Honduran National Athletics Federation
- Sport: Athletics
- Jurisdiction: Federation
- Abbreviation: FENHATLE
- Founded: 1951
- Affiliation: World Athletics
- Regional affiliation: NACAC
- Headquarters: Tegucigalpa
- President: Calixto Sierra
- Secretary: Alex Navas
- Honduras

= Honduran National Athletics Federation =

The Honduran National Athletics Federation (Federación Nacional Hondureña de Atletismo, FENHATLE) is the governing body for the sport of athletics in Honduras. Current president is Calixto Sierra.
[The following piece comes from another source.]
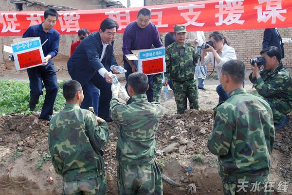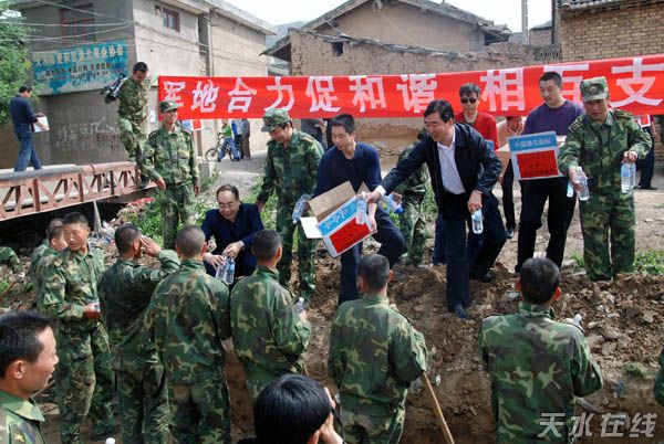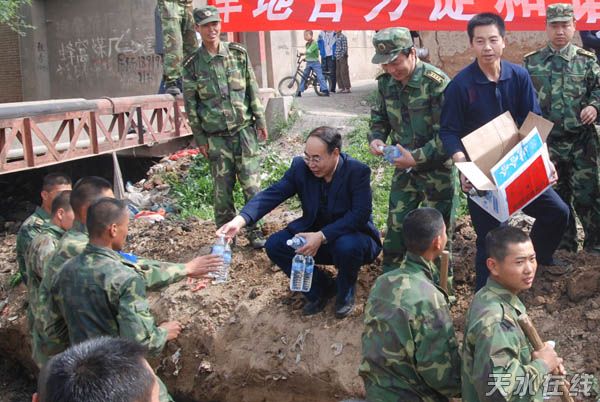 天水在线讯 5月10日,天水市委、市政府领导赴麦积区慰问道北东排洪渠清淤清障工程的驻地官兵。

He was re-elected for the period 2012-2014 in May 2012.

== History ==
FENHATLE was founded in 1951.

== Affiliations ==
FENHATLE is the national member federation for Honduras in the following international organisations:
- World Athletics
- North American, Central American and Caribbean Athletic Association (NACAC)
- Association of Panamerican Athletics (APA)
- Asociación Iberoamericana de Atletismo (AIA; Ibero-American Athletics Association)
- Central American and Caribbean Athletic Confederation (CACAC)
- Confederación Atlética del Istmo Centroamericano (CADICA; Central American Isthmus Athletic Confederation)
Moreover, it is part of the following national organisations:
- Honduran Olympic Committee (COH; Spanish: Comité Olímpico Hondureño)

== National records ==
FENHATLE maintains the Honduran records in athletics.